▶ [Working data]
————

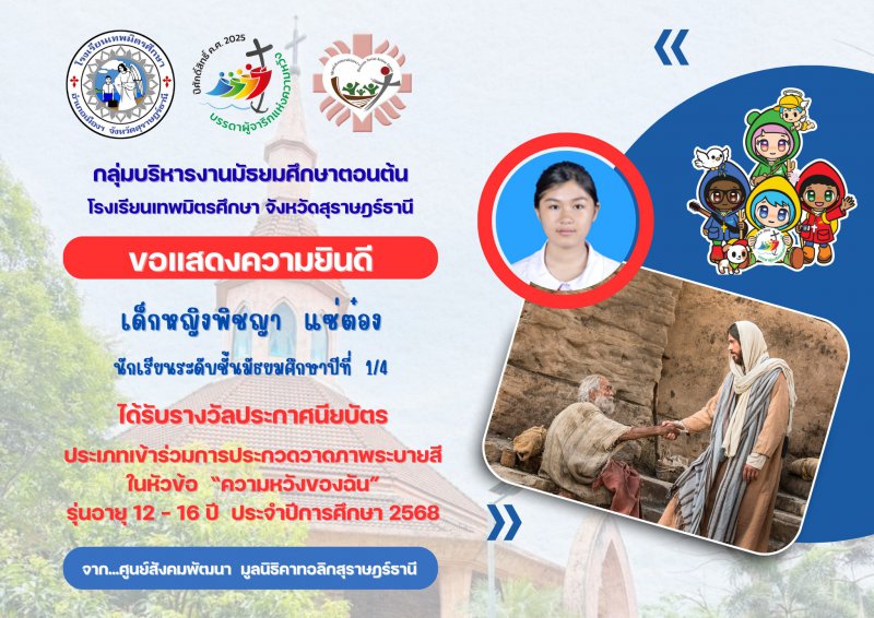 โรงเรียนเทพมิตรศึกษา ขอแสดงความยินดีแก่นักเรียนระดับชั้นมัธยมศึกษาปีที่ 1-3 ในโอกาสที่ได้รับรางวัลประกาศนียบัตร ประเภทเข้าร่วมการประกวดวาดภาพระบายสี ในหัวข้อ "ความหวังของฉัน" รุ่นอายุ 12-16 ปี
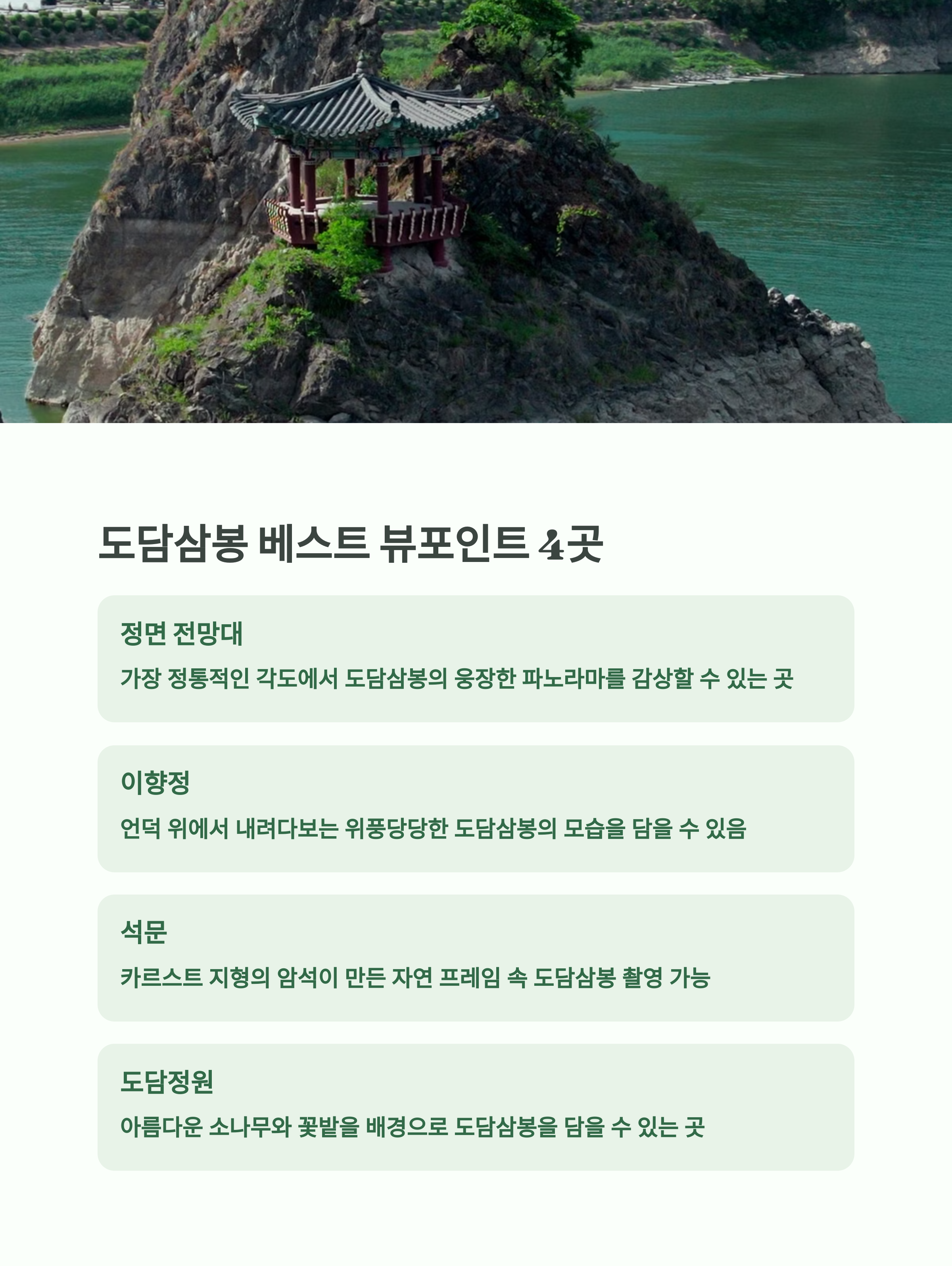 | 추천 포인트 | 도담삼봉 석문 전망대, 구담봉·옥순봉 일몰 뷰, 상선암 데크길, 만천하스카이워크, 패러글라이딩 뷰 |
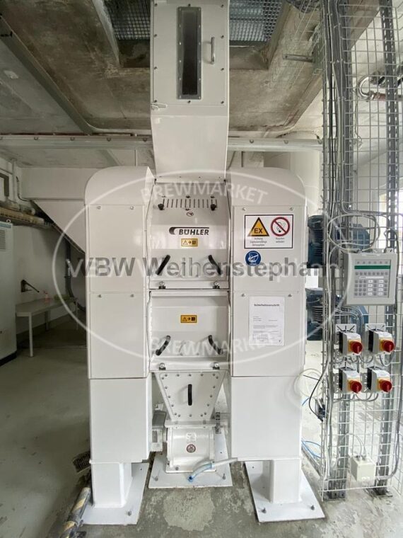 Used Bühler 4-roller malt milling plant (2016) – high-capacity at 4 t/h, Siemens S7-300 control, 3 small & 4 large silo discharges, malt transport, blower, weighing, conditioning, and full control cabinet—precision milling, built to perform.
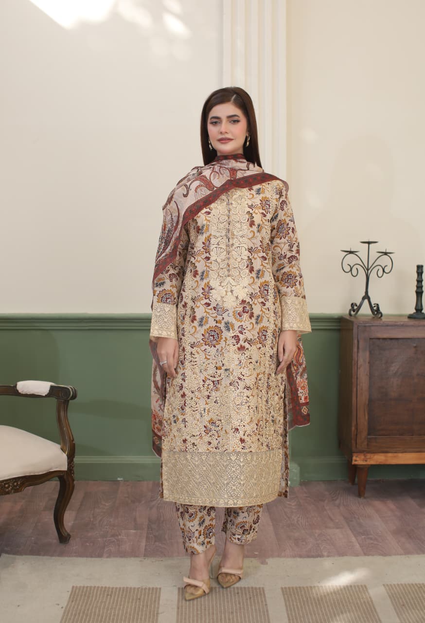 Luxury Embroidered Winter 3-Piece Suit crafted in premium cambric fabric, designed to bring elegance, comfort, and sophistication to your seasonal wardrobe. This outfit beautifully blends traditional artistry with modern finesse, making it a perfect choice for winter gatherings, family dinners, casual events, and formal daytime occasions.
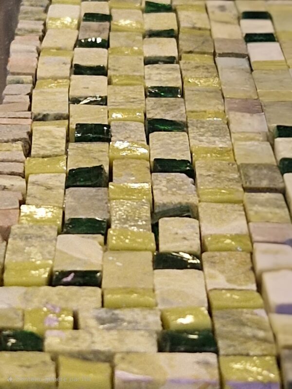 Le contraste entre le vert profond et le parme doux crée une harmonie visuelle captivante, ajoutant une profondeur et une richesse supplémentaires à l’œuvre.
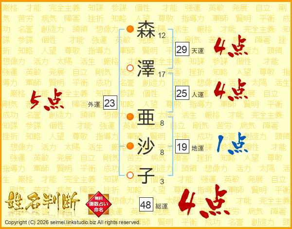 森(12画)澤(17画) 亜(8画)沙(8画)子(3画)
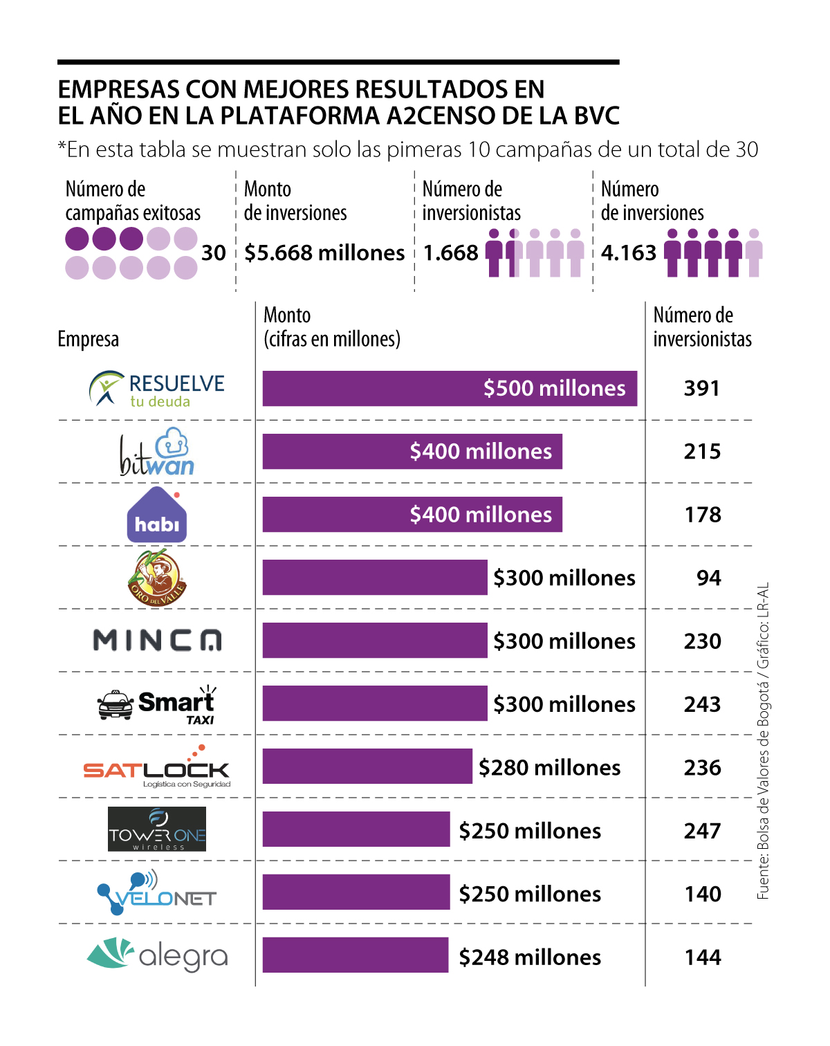 Este listado lo completan 25 empredimientos más que lograron inversiones de entre los $100 millones y $500 millones.
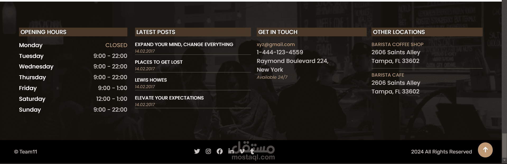 طوّرت موقع ويب حديثًا ومتكاملًا لمقهى، يهدف إلى تقديم تجربة رقمية مميزة تعكس هوية المقهى وأجواءه الخاصة.
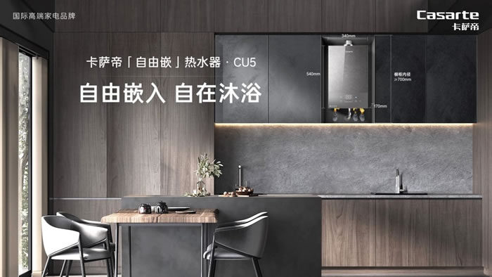 而获奖的致境自由嵌燃气热水器·CU5采用第四代小体积设计,能完美嵌入700mm内径的橱柜,通过“藏”进橱柜释放更多空间。另外,其双层全密闭稳燃结构能实现室外取氧、排气,适合安装在开放式厨房、浴室、阳台等多个场景。除此之外,热水器还搭载原创瀑布洗科技能让水量增至170%,享受畅快沐浴。
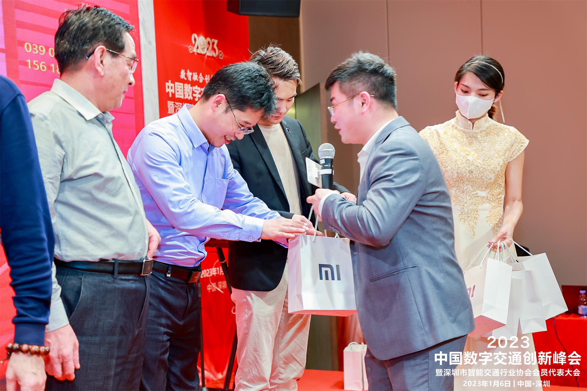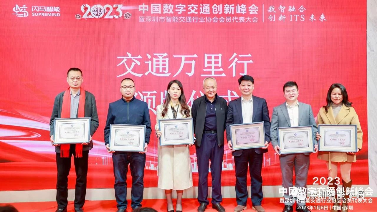 ▲深圳市智能交通行業(yè)協(xié)會(huì)專家委常務(wù)副主任、天地智能交通研究院院長鄧文杰為獲獎(jiǎng)企業(yè)頒獎(jiǎng)并合影
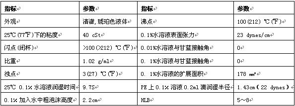 SP 5688 产品的功能和特点: SP 5688农用有机硅助剂是一种新型的基于烷氧基改性三硅氧烷,具有高效经济的特点。可以润湿任何表面,使药液中的有效成分迅速渗透进靶体缝隙和表面。专门应用于高扩展、高渗透农药的开发、生产,按照一定比例加到农药剂型或与农药水溶液直接桶混使用可以显著改善农药药液的有效吸收,提高渗透利用率,减少滴落流失,提高有效滞留量和持效时间,能大幅度增加农药的覆盖面积和农药用量。是氮酮、噻酮的理想替代物,是目前最优良、环保的渗透增效剂。 产品特点: ◆ PH值范围5~10应用,耐酸碱稳定性好,溶于水不混浊,通用各种农药,肥料。尤其水剂专用。 ◆ 显著降低喷雾液的表面张力,降低喷雾液和生物靶标的接触角,提高药液在靶标生物上的润湿及粘附能力。0.1%的SP 5688剂量就能把水的表面张力从72达因降到21达因。有效增加了润湿速度和渗透性能。 ◆ 增大了喷雾液在靶标作物上的展扩面积。特殊的疏水性分子结构和与水分子分子量的较大差异,使溶液的先导边缘很易铺展,而获得了优异的扩展性能,相比传统的增效剂提高了1~2个数量级。 ◆ 提高耐雨水冲刷能力,促进药液快速吸收,尤其是内吸型药剂的气孔渗透,降低药剂的光解作用和挥发,能够减少雨季重复喷雾的次数。从而使农药的利用率提高3~20倍。 ◆ 应用范围宽广,广泛的应用面和良好的兼容亲和性,可与绝大部分农药剂型配伍使用,与各类表面活性剂体系相容。 ◆ 低泡沫特性。 ◆ 安全、环保、节能,推动了低容量喷雾的发展。 产品理化指标:
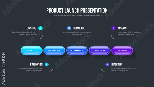 Marketing Solution Five Element Infographic Slideshow Design. Service Insight Frame Template Vector Illustration. Consulting Analysis 5 Step Diagram Slide Layout.

————

▶ [What you have to do] Respond with the exact lines above running from the one containing "Le contraste entre" to the one containing "而获奖的致境自由嵌燃气热水器", both ends kept and no pictures included.

▶ [Answer to the exercise]
 Le contraste entre le vert profond et le parme doux crée une harmonie visuelle captivante, ajoutant une profondeur et une richesse supplémentaires à l’œuvre.
 森(12画)澤(17画) 亜(8画)沙(8画)子(3画)
 Este listado lo completan 25 empredimientos más que lograron inversiones de entre los $100 millones y $500 millones.
 طوّرت موقع ويب حديثًا ومتكاملًا لمقهى، يهدف إلى تقديم تجربة رقمية مميزة تعكس هوية المقهى وأجواءه الخاصة.
 而获奖的致境自由嵌燃气热水器·CU5采用第四代小体积设计,能完美嵌入700mm内径的橱柜,通过“藏”进橱柜释放更多空间。另外,其双层全密闭稳燃结构能实现室外取氧、排气,适合安装在开放式厨房、浴室、阳台等多个场景。除此之外,热水器还搭载原创瀑布洗科技能让水量增至170%,享受畅快沐浴。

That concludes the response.